----- INPUT DATA -----

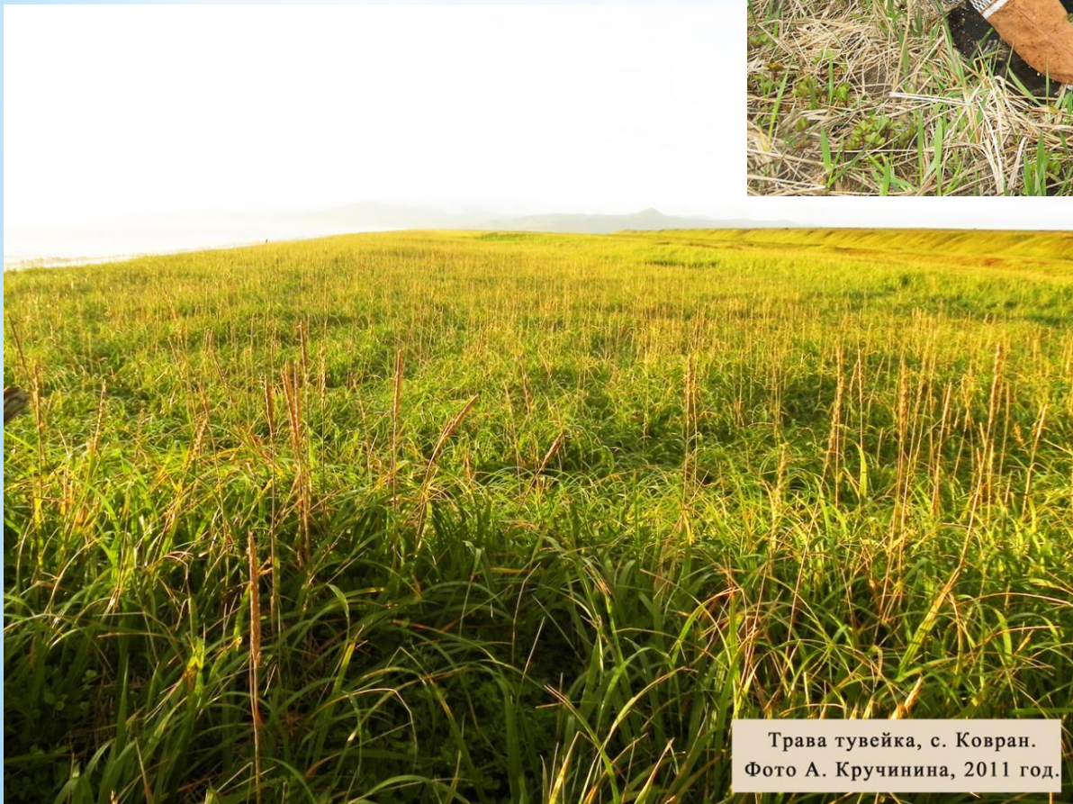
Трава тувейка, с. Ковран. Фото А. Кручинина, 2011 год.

-----
----- INPUT DATA -----

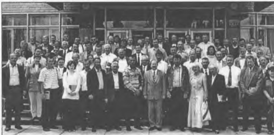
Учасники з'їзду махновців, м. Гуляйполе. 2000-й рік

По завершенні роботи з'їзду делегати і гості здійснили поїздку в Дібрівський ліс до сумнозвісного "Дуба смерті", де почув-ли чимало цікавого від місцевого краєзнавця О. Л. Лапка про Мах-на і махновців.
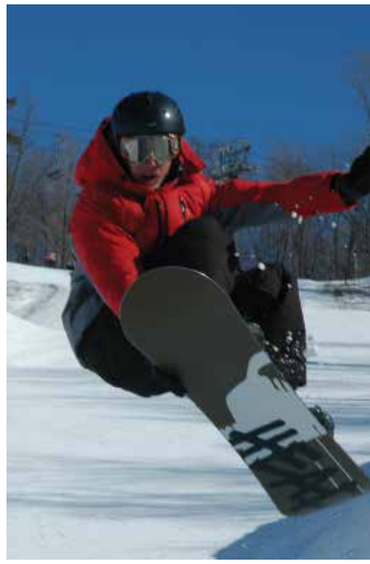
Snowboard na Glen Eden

-----
----- INPUT DATA -----

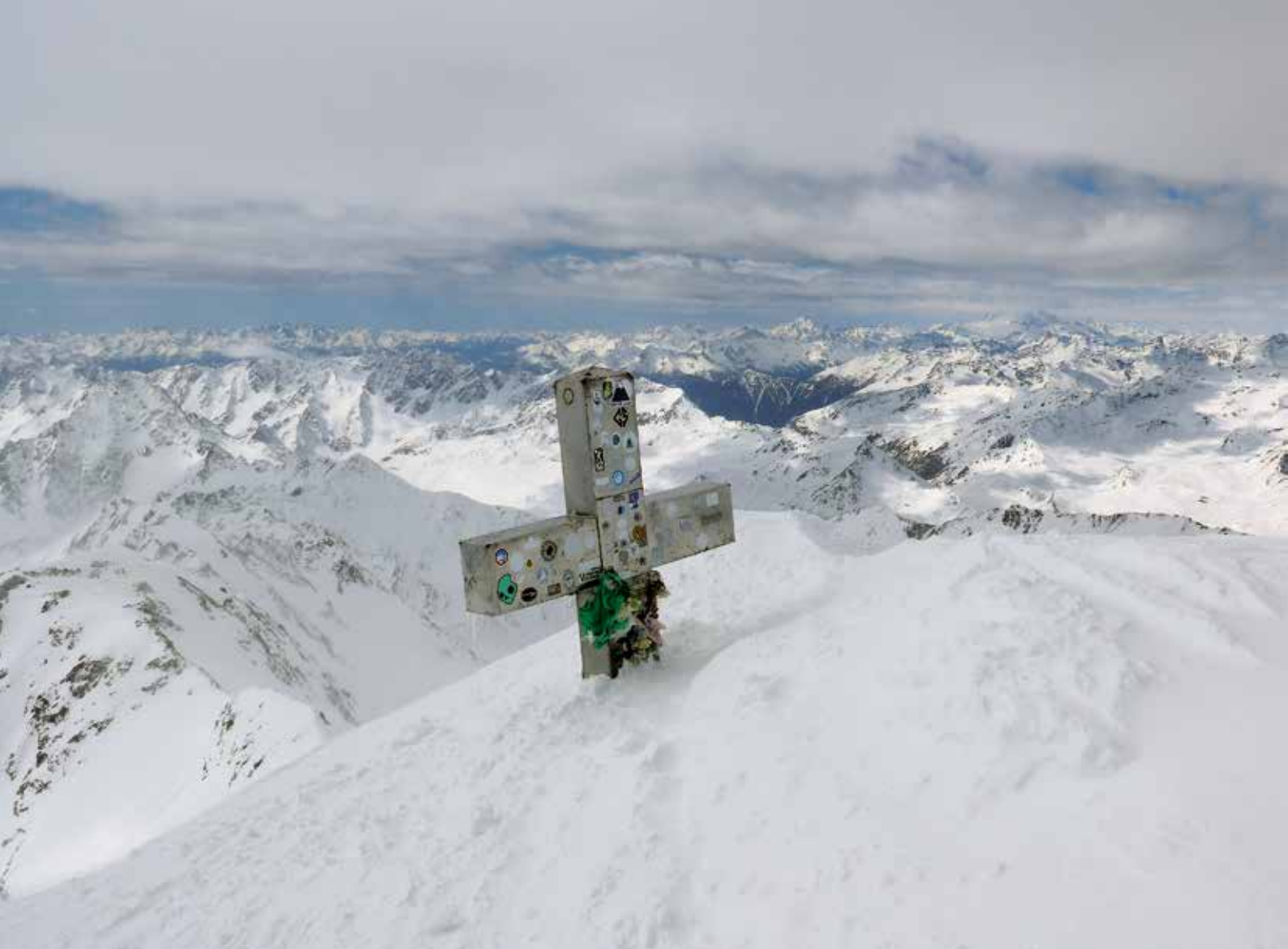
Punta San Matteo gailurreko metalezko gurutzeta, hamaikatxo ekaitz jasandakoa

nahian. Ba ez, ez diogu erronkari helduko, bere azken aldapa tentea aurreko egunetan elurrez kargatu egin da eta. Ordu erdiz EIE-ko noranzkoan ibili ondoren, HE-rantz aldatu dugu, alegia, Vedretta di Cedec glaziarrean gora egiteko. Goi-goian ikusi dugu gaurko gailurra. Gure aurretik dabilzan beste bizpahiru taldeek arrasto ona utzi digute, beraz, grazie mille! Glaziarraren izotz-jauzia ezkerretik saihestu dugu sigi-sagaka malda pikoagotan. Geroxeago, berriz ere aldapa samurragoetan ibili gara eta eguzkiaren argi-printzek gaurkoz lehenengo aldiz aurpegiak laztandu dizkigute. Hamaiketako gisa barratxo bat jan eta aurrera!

-----

_YOUR INSTRUCTIONS_.
Starting at the line containing "По завершенні роботи" and finishing at the line containing "Snowboard na Glen Eden", return those lines exactly as they appear above, without the pictures.

_PROBLEM SOLUTION_.
По завершенні роботи з'їзду делегати і гості здійснили поїздку в Дібрівський ліс до сумнозвісного "Дуба смерті", де почув-ли чимало цікавого від місцевого краєзнавця О. Л. Лапка про Мах-на і махновців.
Snowboard na Glen Eden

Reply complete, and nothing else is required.